Ceux qui ont la chance d'échapper à la réduction en quasi esclavage en Libye s'entassent dans des canots

Au large de la Libye il en va autrement. Ceux qui ont la chance d'échapper à la réduction en quasi esclavage près de la capitale Tripoli s'entassent dans des longs canots pneumatiques après avoir été rançonnés. Des associations européennes "d'aide aux migrants" sont de mèche. Les canots pourvus de faibles moteurs ne sont presque pas avitaillés et atteignent à peine les eaux internationales où ils sont "miraculeusement" pris en charge par des "ONG".

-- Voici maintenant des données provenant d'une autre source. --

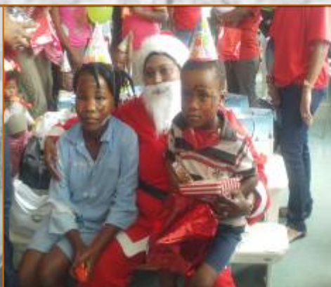
No Christmas without father Christmas.

Ces dernières continueront leur rôle ou passeront le relais à d'autres organisations sur le sol européen pour la suite du voyage terrestre des migrants. 

Ampleur du phénomène

Le nombre et la répartition des Maliens à l'étranger varie selon les estimations. Parmi les 4 millions de Maliens recensés à l'étranger, plus de  300 000 vivent en France dont la moitié détient un titre de séjour. Mais ces chiffres sont peu fiables, variables et évidemment contestés.

Un contexte djihadiste croissant dans une période de croissance démographique galopante.

Selon la Direction Générale des Maliens à l'extérieur, il y aurait deux millions de Maliens en Côte d'Ivoire ; la diaspora malienne représentant le tiers de la population totale du pays. Toutes les régions du pays sont concernées par ces migrations volontaires. En outre, elle concerne surtout la jeunesse. Cette " fuite" migratoire préoccupe, bien entendu, l'Europe et tous les pays limitrophes de la région, dans un contexte djihadiste croissant et dans une période de croissance démographique galopante.